* **Work to complete**: Your task is to repeat the entries below exactly and to leave their images out.

### Data to use

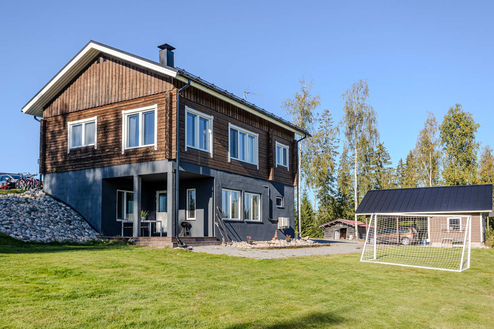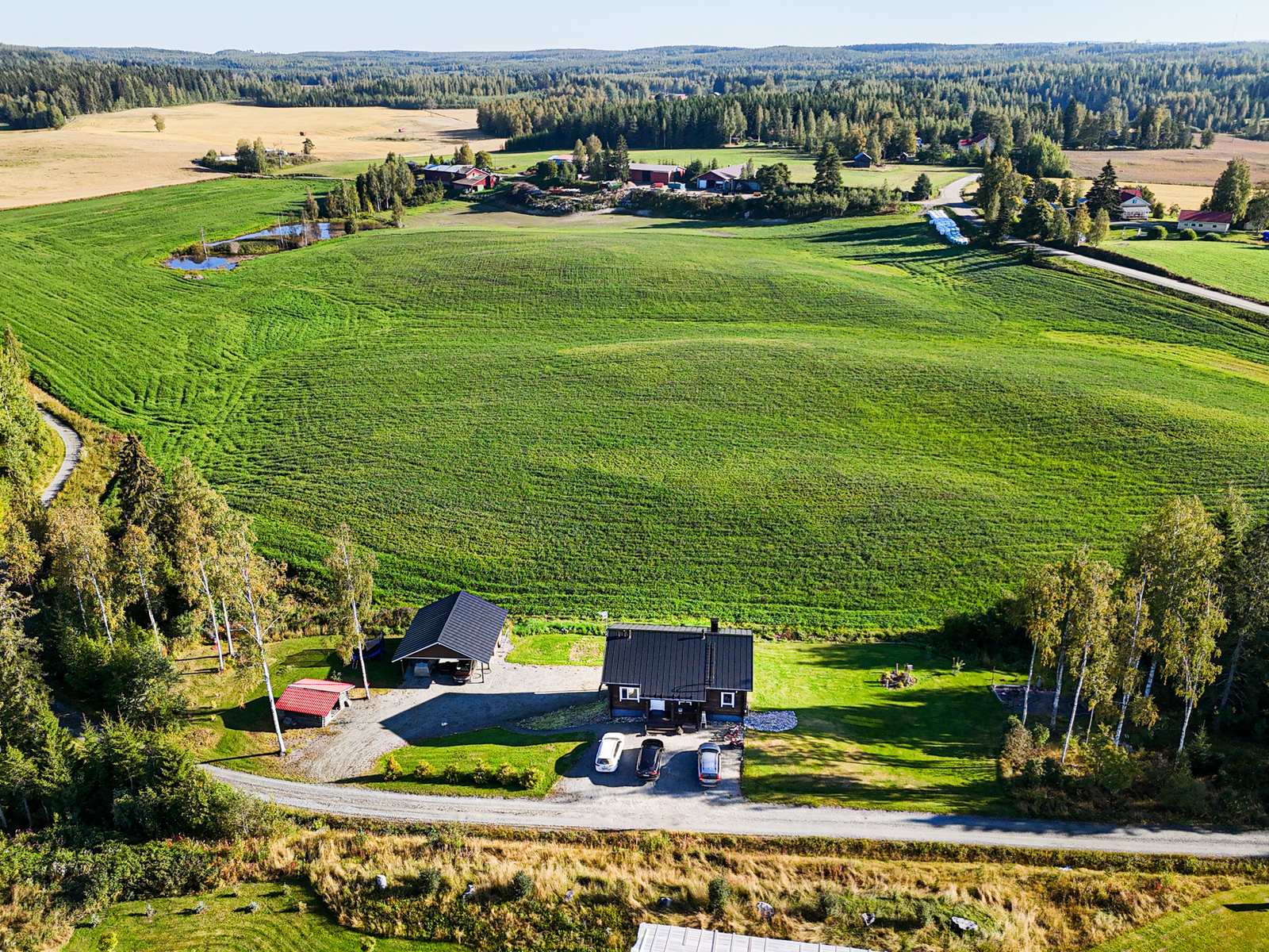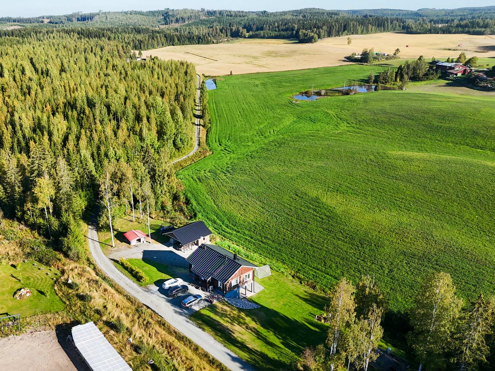 Aidoissa maaseutumaisemissa Pöljän kylän alueella jykevästä lamellihirrestä rakennettu, v. 2014 valmistunut rinnetalo peltoalueen reunassa.
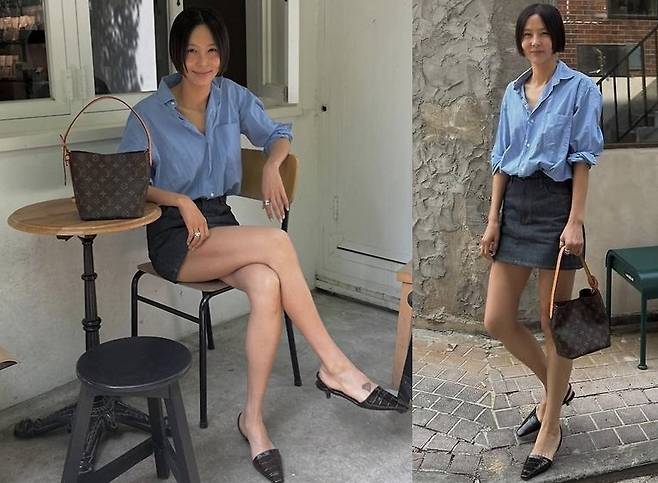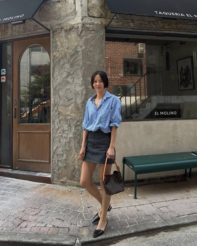 김나영은 루이비통 모노그램 버킷백을 어깨에 걸치고, 여유롭게 풀어낸 블루 셔츠에 다크 데님 미니스커트를 매치해 쿨한 청청패션의 진수를 선보였습니다.
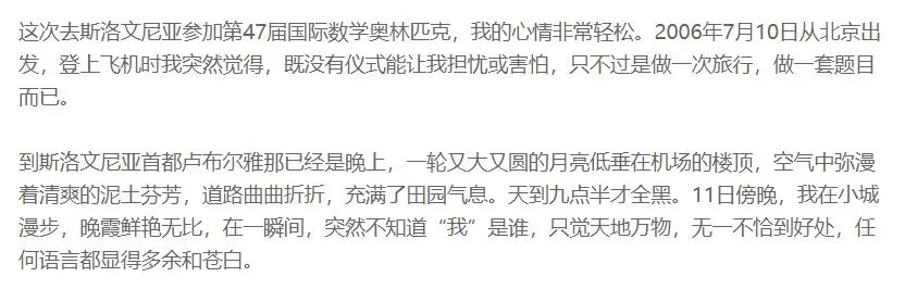 在培训班上,老师除了讲数学,还会讲数学背后的深刻哲学。每次上完课,柳智宇走过夜晚的繁华街道时,还在醉心回味着课上的细节。在他的文章中,他记录了当时的感受:「那是另外的一个世界,数学的世界,其中并没有凡庸琐碎的得失毁誉,只有自然的美、人类心智的美。」
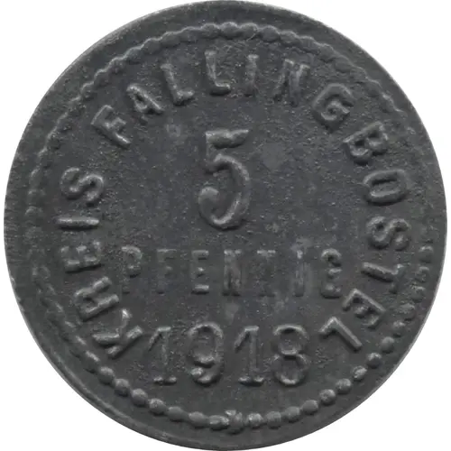 | Obverse lettering | KREIS FALLINGBOSTEL 5 PFENNIG 1918 |
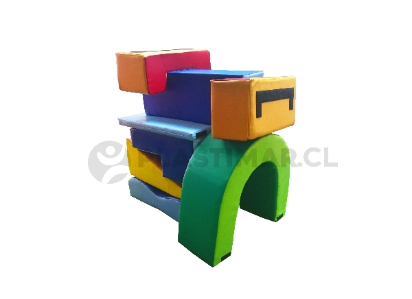 Este material es adecuado para contextos educativos y terapéuticos, ya que facilita actividades de juego guiado o libre, así como el abordaje de roles específicos en terapias más complejas. La variedad de módulos permite crear recorridos adaptables, promoviendo la interacción social, el control postural y la planificación motriz en un entorno seguro y contenido.
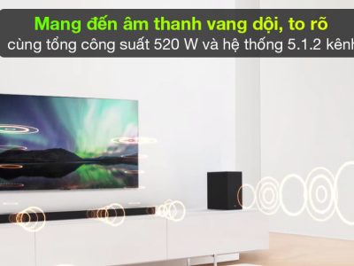 Loa LG với tổng công suất 520 W và hệ thống kênh 5.1.2 kênh mang đến cho bạn những âm thanh vang dội, to rõ mà vẫn sắc nét giúp bạn luôn có thể xem tivi với âm thanh chất lượng nhất.
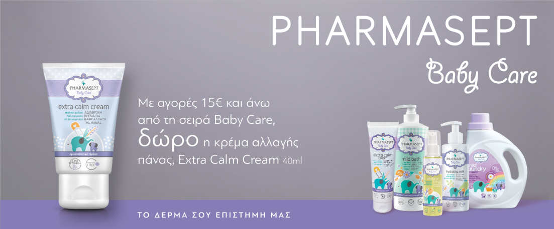 H Pharmasept Baby Care Extra Calm Cream είναι προστατευτική κρέμα καθημερινής περιποίησης του βρεφικού δέρματος μετά την αλλαγή της πάνας

######

* **Response box**:
 Aidoissa maaseutumaisemissa Pöljän kylän alueella jykevästä lamellihirrestä rakennettu, v. 2014 valmistunut rinnetalo peltoalueen reunassa.
 김나영은 루이비통 모노그램 버킷백을 어깨에 걸치고, 여유롭게 풀어낸 블루 셔츠에 다크 데님 미니스커트를 매치해 쿨한 청청패션의 진수를 선보였습니다.
 在培训班上,老师除了讲数学,还会讲数学背后的深刻哲学。每次上完课,柳智宇走过夜晚的繁华街道时,还在醉心回味着课上的细节。在他的文章中,他记录了当时的感受:「那是另外的一个世界,数学的世界,其中并没有凡庸琐碎的得失毁誉,只有自然的美、人类心智的美。」
 | Obverse lettering | KREIS FALLINGBOSTEL 5 PFENNIG 1918 |
 Este material es adecuado para contextos educativos y terapéuticos, ya que facilita actividades de juego guiado o libre, así como el abordaje de roles específicos en terapias más complejas. La variedad de módulos permite crear recorridos adaptables, promoviendo la interacción social, el control postural y la planificación motriz en un entorno seguro y contenido.
 Loa LG với tổng công suất 520 W và hệ thống kênh 5.1.2 kênh mang đến cho bạn những âm thanh vang dội, to rõ mà vẫn sắc nét giúp bạn luôn có thể xem tivi với âm thanh chất lượng nhất.
 H Pharmasept Baby Care Extra Calm Cream είναι προστατευτική κρέμα καθημερινής περιποίησης του βρεφικού δέρματος μετά την αλλαγή της πάνας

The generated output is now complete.